Most performance concerns can be summarized by 4 questions:
- What am I getting?
- Is that what I should be getting?
- If not, why not?
- What, if anything, can I do about it?
Characterize workload in terms of
- Size (KB/IO)
- Direction (read/write)
Performance triage domains
- IP network
- Data mover
- Fibre channel
- Storage processors
- More fibre channel
- Disk drives
Celerra Volume Stack
Basic volume (dvols)
Identify the protocol(s) in use
server_stats server_5 -summary cifs,nfs -interval 10 -count 6
server_stats server_5 -summary nfs -interval 10 -count 6
server_stats server_5 -table nfs -interval 10 -count 6
- Operations will break down between v3Write, v3Create, etc.
server_stats server_5 -table fsvol -interval 10 -count 6
- Correlates the filesystem with the meta-volumes
- The percentage contribution of write requests for each meta-volume is shown (“FS Write Reqs %”)
server_stats server_5 -table dvol -interval 10 -count 6
- Shows the write distribution across all volumes
- AVM will work hard to prevent disk overlap for a filesystem
- Slice your stripes, don’t stripe your slices (basically create the stripe across all volumes first, then slice those up as needed)
- root_ldisk – log disk, high activity on this disk will mean lots of log activity in the server_log. The ufslog hit high threshold. But is it a problem?
- Data mover memory includes inodes and data blocks
- Data mover cache is write-through, meaning that data needs to be destaged from cache before it will acknowledge to the host. This is because the cache is not protected from power loss.
- When writes are coming in, data blocks are updated, and inodes need to be updated.
- Inode updates are writing to the ufslog staging buffer.
- The staging buffer contains uxfs log transactions and then destages to disk.
- Ufslog hit high threshold means in in-memory copies of uxfs log transactions which have already been written to disk could not be retired because the dirty meta data to which they point has not yet been flushed to the filesystem metavolume
- This message indicates contention at the filesystem metavolume, not the ufslog volume.
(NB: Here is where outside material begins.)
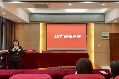 极兔速递是一家全球综合物流服务运营商,快递业务在全球规模最大及增长最快的东南亚和中国市场处于领先地位。极兔速递秉承“客户为本、效率为根”的宗旨,为客户提供全场景化的物流解决方案,让物流惠及全球,此次招聘会拟招收采购、物流营运、财税类等十二类岗位的人才。会议伊始,主持人播放2022届毕业生进入极兔速递工作体验的宣传片。极兔速递宣讲人刘静结合PPT详细讲解公司文化、招聘岗位及培训细节,帮助有意入职的同学更加深入地了解公司情况及工作性质。问题交流环节,同学们针对薪酬、工作时间、工作内容、晋升渠道、福利保障等问题进行提问,宣讲团队对同学们的疑问进行了详细解答并赠送极兔吉祥物,招聘会现场气氛十分融洽。

- If ufslog is an issue, the error message will be “staging buffer full, using next one”. One periodically is not an issue. It’s actually good that the buffer is being use. Only if you get a lot of these per second.
nas_disk -l | grep root_ldisk
navicli -h spa getlun 1 -rwr -brw -wch (read write rate, blocks read/written, write cache hit)
For IOPS, 8 threads of I/O will yield the greatest increases. 8 to 64 threads yields nominal improvement.
nas_fs -I fs1
nas_disk -I d38
- Look at stor_dev (hex) and convert to decimal
navicli -h spa getlun 27 -rwr -brw -wch
- Blocks written / write requests = blocks per write (multiply by 512 bytes to get block size)
navicli -h spa getlun 27 -rwr -brw -wch -disk
- Shows the disks associated with the lun
navicli -h spa getdisk 2_0_2 -rds -wrts -bytrd -bytwrt (read reqs, write reqs, kbyte read, kbytes written)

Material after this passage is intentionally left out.